Kusandarkan sepedaku di pohon dekat ruang kelasku. Ini demi menjaga keamanan. Siapa tahu ada yang melirik sepeda kesayanganku. Dan mencoba untuk memilikinya. Mimpi kali?!! Sepeda seperti punyaku mana ada yang mau. Sudah jelek, kecil, tak bermerek lagi. Tapi, yang harus dipertimbangkan sepeda ini selalu lolos dari gerbang neraka. Hebat kan??!
Perjalanan panjangku aku lanjutkan. Sebenarnya aku sedikit malas karena hari ini aku akan bertemu dengan seseorang yang telah sukses dan berhasil membuat teman sekelasku jengkel. Kata-katanya tak layak didengar oleh kami semua. Tapi, kami mencoba untuk bersabar karena orang yang sabar disayang Tuhan. Begitulah kata adikku tercinta. Dimaklumi saja! Namanya juga masih anak TK. Haha….
“Pagi semua?” Suaraku membuat penghuni sekelas kaget setengah hidup. Semua mata tertuju padaku. Haha…gayaku sok jadi miss Indonesia. Banci kali! Tapi aku berbakat juga ya dalam memikat orang? Narsis banget diriku ini. Ya, beginilah seorang aku. Hidup apa adanya. Mengalir bagai air. Karena prinsipku “nggak narsis nggak hidup!”. Wakakakk…. Yang penting kita nggak boleh terlalu PD. Bisa bahaya!!!”
“Duh, temen-temenku ini rajin-rajin banget sih. Pagi-pagi pegangannya sudah buku catatan. Takut nilai jelek ya? Ayo ngaaa…ku!”
“Eh, Ri. Nyantai banget sih jadi orang. Hari ini tuh ada dua kali ulangan lo. Apa gak takut dapat nilai do,re,mi… ?”

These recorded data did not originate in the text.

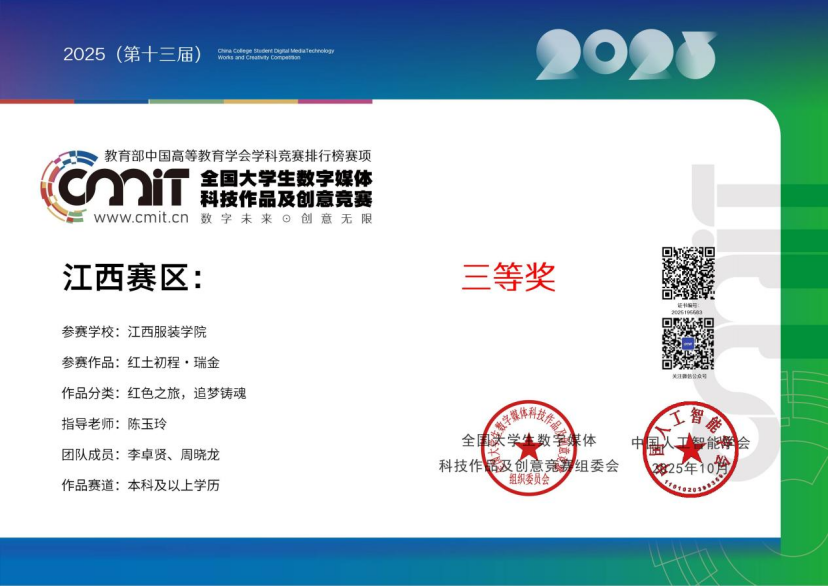2024年,荣获“第十三届全国大学生数字媒体科技作品及创意竞赛”省级三等奖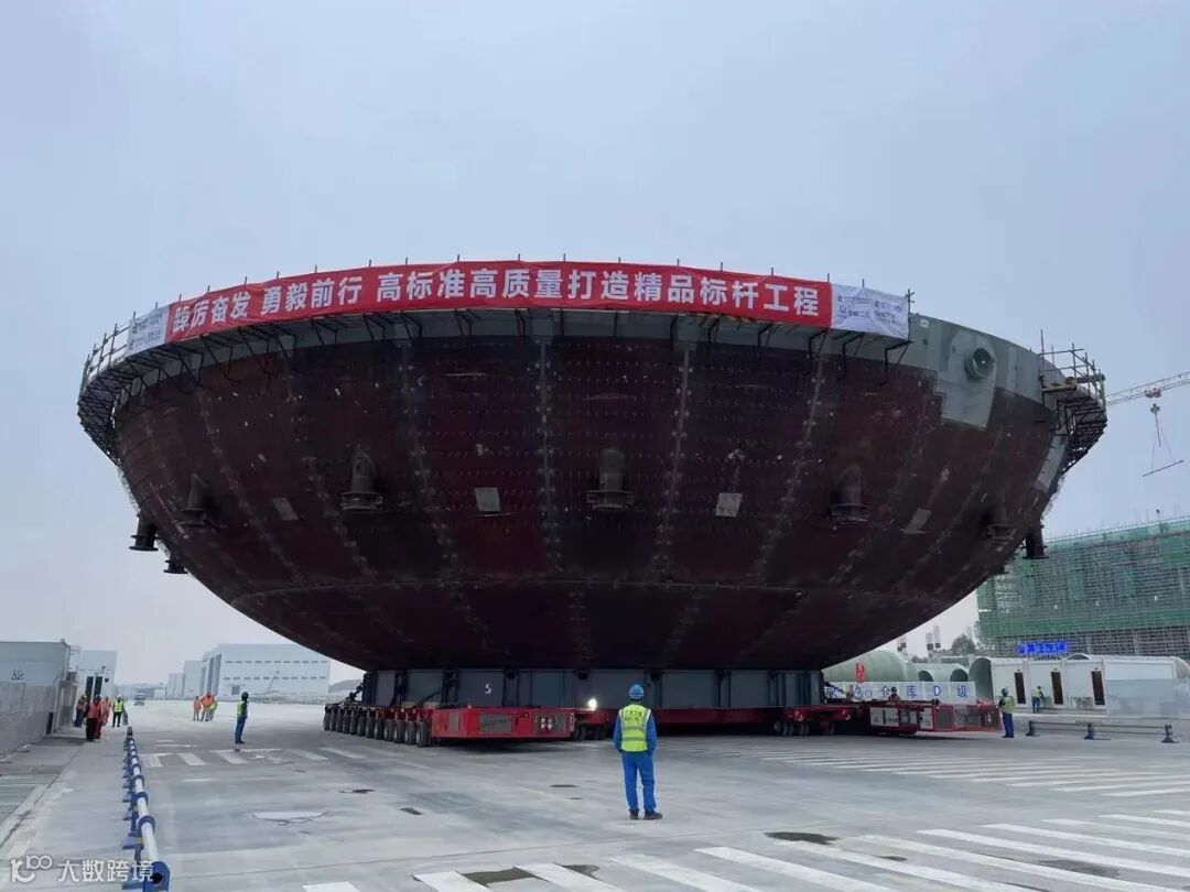 CAP1000底封头直径约为40米,整体高度约为12米,重达646吨,呈半椭球形。该模块尺寸大,施工中存在板材厚、重量重、组成钢板多、焊接变形不一致等诸多难点,国核设备发挥模块化建造优势,采用倒装法,严格过程管控、质量管控,减少组装支撑,大大缩短了工期。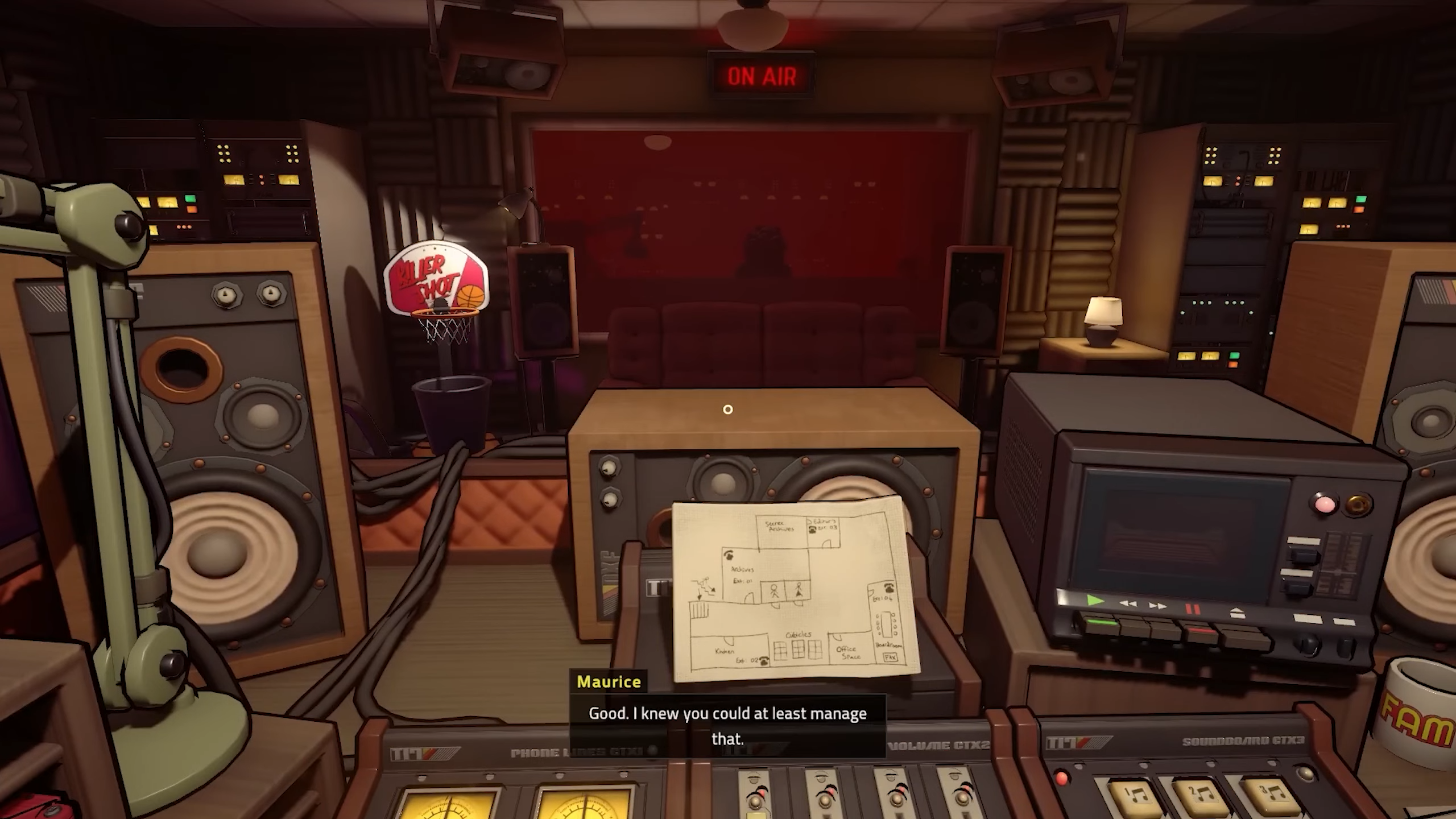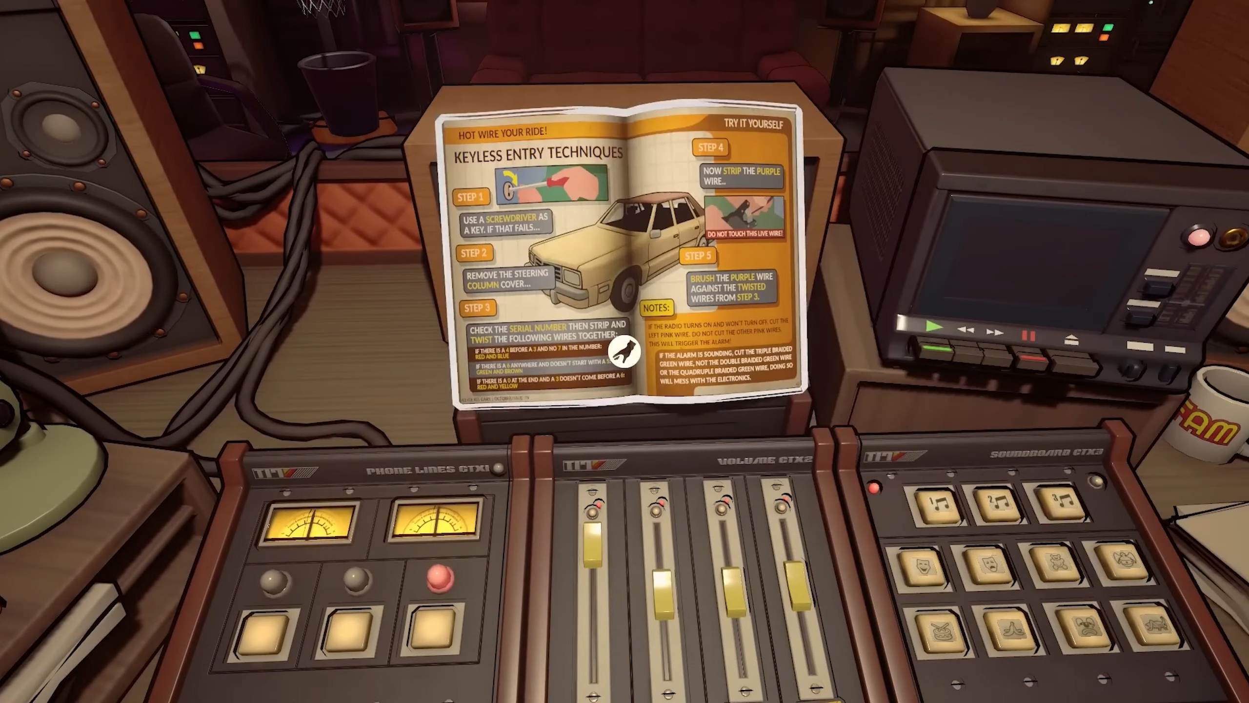 Каждый сантиметр вашей радиостанции создан с любовью и вниманием к мельчайшим деталям. Практически с каждым артефактом ушедшей эпохи здесь можно взаимодействовать — например, поставить в магнитофон кассету с любимой музыкой.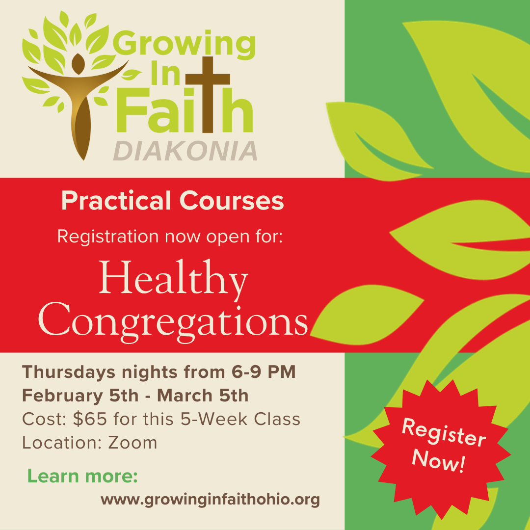 Registration is now open next Growing In Faith: Diakonia courses! Two virtual courses will run simultaneously every Thursday from 6:00-9:00 PM during the five weeks of February 5th to March 5th! For Course 4, the Foundations Course is Intro to New Testament and the Practical Course is Healthy Congregations.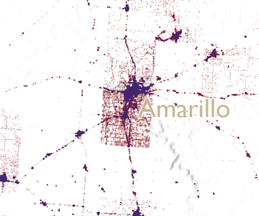 No map is perfect though and if you look closely you can still see the structure of many county boundaries where it appears that the voting population suddenly stops at an invisible edge. Look at this closeup of Amarillo.

“Ya..ya..ya…Aku kasih tahu ya Sen. Hidup itu gak usah dibikin ribet. Yang penting kita tahu tujuan hidup. Simple is perfect. Hahaa….
“Maksud lo?” Tanya Sendi ingin tahu.
“Sini tak kasih tahu. Kita tu sekolah bukan untuk cari nilai. Tapi cari ilmu!!! Kita bisa dapat nilai sesuka kita. Tapi cari ilmu itu yang lebih penting. Cari nilai bagus tu gampang. Terkadang orang yang tujuan sekolah hanya cari nilai, mereka tu akan menghalalkan segala cara untuk mendapatkan nilai yang mereka inginkan. Contohnya saja mereka nyontek. Sudah dapat dosa ditambah lagi merugikan diri kita sendiri. Kita hanya akan pintar di secarik kertas. Tapi sebetulnya otak? Kosong! Kamu harus berubah haluan. Kita itu sekolah untuk cari ilmu dan untuk kita terapkan. Bukan untuk dihafalkan! Tapi dipahami dan dimengerti! Negeri ini tidak butuh pemimpin yang hanya pintar teori. Tapi praktiknya nol besar. Kita butuh pemimpin yang tidak senang ngumbar janji. Kitalah generasi negeri ini. Maka dari itu mulai sekarang hindari menyontek. Lebih baik dapat nilai do,re,mi daripada dapat nilai sempurna dan itu hanya kebohongan belaka. Siapkah dirimu berkata selamat tinggal “nyontek”???”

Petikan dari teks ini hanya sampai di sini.